**Data for this task**
---*---
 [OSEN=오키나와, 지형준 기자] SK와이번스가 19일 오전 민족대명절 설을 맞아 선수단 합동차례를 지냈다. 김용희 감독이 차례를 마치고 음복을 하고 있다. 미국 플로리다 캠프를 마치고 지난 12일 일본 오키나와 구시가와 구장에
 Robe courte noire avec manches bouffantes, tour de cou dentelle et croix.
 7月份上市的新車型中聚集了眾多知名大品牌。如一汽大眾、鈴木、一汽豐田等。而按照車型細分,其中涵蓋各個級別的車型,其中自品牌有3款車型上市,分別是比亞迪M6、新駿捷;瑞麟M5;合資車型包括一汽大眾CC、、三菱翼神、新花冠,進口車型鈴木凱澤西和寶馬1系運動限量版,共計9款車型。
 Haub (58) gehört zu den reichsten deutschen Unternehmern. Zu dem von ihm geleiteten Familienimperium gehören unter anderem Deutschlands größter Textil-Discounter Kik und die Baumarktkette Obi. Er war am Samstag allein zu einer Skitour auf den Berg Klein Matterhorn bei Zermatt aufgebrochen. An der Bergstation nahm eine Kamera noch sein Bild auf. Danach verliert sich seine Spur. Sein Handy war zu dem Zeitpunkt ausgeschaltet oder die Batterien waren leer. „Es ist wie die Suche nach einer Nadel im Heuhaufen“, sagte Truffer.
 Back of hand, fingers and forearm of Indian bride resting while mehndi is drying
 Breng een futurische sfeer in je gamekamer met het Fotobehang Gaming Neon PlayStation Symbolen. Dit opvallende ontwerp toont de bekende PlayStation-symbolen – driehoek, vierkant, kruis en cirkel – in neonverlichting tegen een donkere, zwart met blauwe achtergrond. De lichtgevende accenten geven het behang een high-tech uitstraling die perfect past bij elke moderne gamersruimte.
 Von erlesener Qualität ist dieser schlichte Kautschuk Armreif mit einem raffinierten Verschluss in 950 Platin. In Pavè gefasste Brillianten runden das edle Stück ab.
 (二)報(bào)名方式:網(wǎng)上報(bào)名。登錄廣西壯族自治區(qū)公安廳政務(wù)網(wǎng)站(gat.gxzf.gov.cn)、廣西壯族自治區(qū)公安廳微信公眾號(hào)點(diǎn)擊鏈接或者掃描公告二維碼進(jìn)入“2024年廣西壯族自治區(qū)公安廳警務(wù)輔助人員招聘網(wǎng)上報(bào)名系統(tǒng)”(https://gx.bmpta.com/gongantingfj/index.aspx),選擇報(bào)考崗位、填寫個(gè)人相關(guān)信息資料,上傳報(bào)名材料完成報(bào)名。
---*---
**Instructions for the task**
Look for the line that contains "Von erlesener Qualität" in the entries above. Set it down, along with all later lines, exactly as written.

**Solution for this exercise**
 Von erlesener Qualität ist dieser schlichte Kautschuk Armreif mit einem raffinierten Verschluss in 950 Platin. In Pavè gefasste Brillianten runden das edle Stück ab.
 (二)報(bào)名方式:網(wǎng)上報(bào)名。登錄廣西壯族自治區(qū)公安廳政務(wù)網(wǎng)站(gat.gxzf.gov.cn)、廣西壯族自治區(qū)公安廳微信公眾號(hào)點(diǎn)擊鏈接或者掃描公告二維碼進(jìn)入“2024年廣西壯族自治區(qū)公安廳警務(wù)輔助人員招聘網(wǎng)上報(bào)名系統(tǒng)”(https://gx.bmpta.com/gongantingfj/index.aspx),選擇報(bào)考崗位、填寫個(gè)人相關(guān)信息資料,上傳報(bào)名材料完成報(bào)名。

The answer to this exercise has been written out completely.